RGB-D Dataset 7-Scenes

Established: January 1, 2013

RGB-D Dataset 7-ScenesThe 7-Scenes dataset is a collection of tracked RGB-D camera frames. The dataset may be used for evaluation of methods for different applications such as dense tracking and mapping and relocalization techniques.


All scenes were recorded from a handheld Kinect RGB-D camera at 640×480 resolution. We use an implementation of the KinectFusion system to obtain the ‘ground truth’ camera tracks, and a dense 3D model. Several sequences were recorded per scene by different users, and split into distinct training and testing sequence sets. Details on how this data can be used for example for the evaluation of relocalization methods can be found in our papers listed under publications.

7-Scenes Overview

Data Description

For each scene, we provide one zip file which contains several sequences. Each sequence is a continuous stream of tracked RGB-D camera frames. Tracking has been performed using ICP and frame-to-model alignment with respect to a dense reconstruction represented by a truncated signed distance volume.

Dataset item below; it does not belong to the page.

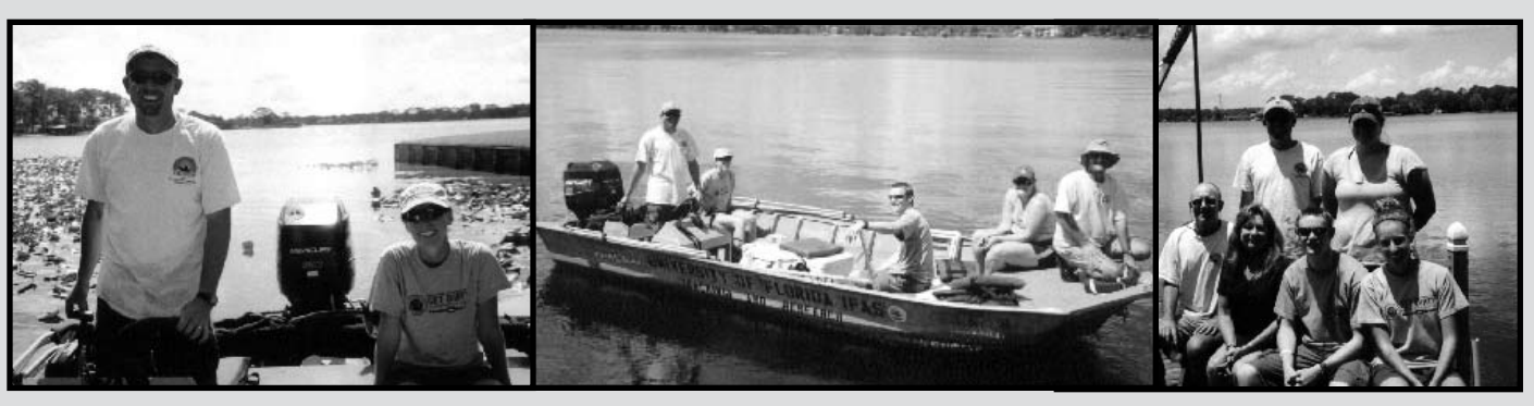
On June 22, 2006, the LAKEWATCH experts conducted our 3rd vegetation study in 15 years on Bear Lake. The lake has less than 1% area covered (PAC) and percent volume inhabited (PIV).

Each sequence (seq-XX.zip) consists of 500-1000 frames. Each frame consists of three files:

  • Color: frame-XXXXXX.color.png (RGB, 24-bit, PNG)
  • Depth: frame-XXXXXX.depth.png (depth in millimeters, 16-bit, PNG, invalid depth is set to 65535).
  • Pose: frame-XXXXXX.pose.txt (camera-to-world, 4×4 matrix in homogeneous coordinates).

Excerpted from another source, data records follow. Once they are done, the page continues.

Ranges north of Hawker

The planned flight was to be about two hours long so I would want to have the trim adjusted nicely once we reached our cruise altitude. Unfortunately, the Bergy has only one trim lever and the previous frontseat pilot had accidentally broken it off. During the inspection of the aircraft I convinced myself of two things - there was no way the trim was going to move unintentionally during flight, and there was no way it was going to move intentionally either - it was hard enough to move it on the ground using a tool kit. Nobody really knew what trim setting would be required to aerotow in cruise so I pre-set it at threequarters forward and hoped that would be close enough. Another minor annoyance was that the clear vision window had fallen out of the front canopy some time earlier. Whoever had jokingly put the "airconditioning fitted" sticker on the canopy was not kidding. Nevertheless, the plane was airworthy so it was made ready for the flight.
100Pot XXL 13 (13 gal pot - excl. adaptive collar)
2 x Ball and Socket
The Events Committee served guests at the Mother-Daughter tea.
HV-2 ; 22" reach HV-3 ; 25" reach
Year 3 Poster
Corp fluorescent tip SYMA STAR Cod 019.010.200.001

For each scene, we further provide:

  • For Evaluation: TrainSplit.txt / TestSplit.txt (splits used in the papers listed under publications).
  • TSDF Volume: The dense reconstruction used for frame-to-model alignment. Volumes are stored in MetaImage format (2-file-format with a text header and binary data). Binary data stores the signed distances for each voxel in 16-bit short. All volumes are of size 512x512x512 with varying element spacings and origin offsets. The spacings and offsets in millimeters are provided in the header file.
  • A screenshot of the raycasted dense reconstruction.

Please note: The RGB and depth camera have not been calibrated and we can’t provide calibration parameters at the moment. The recorded frames correspond to the raw, uncalibrated camera images. In the KinectFusion pipeline we used the following default intrinsics for the depth camera: Principle point (320,240), Focal length (585,585).

License Agreement

The data is provided for non-commercial use only. By downloading the data, you accept the license agreement which can be downloaded here.


If you report results based on the 7-scenes dataset, please cite at least one of the papers mentioned under publications. You may choose the paper that is more relevant to your own publication.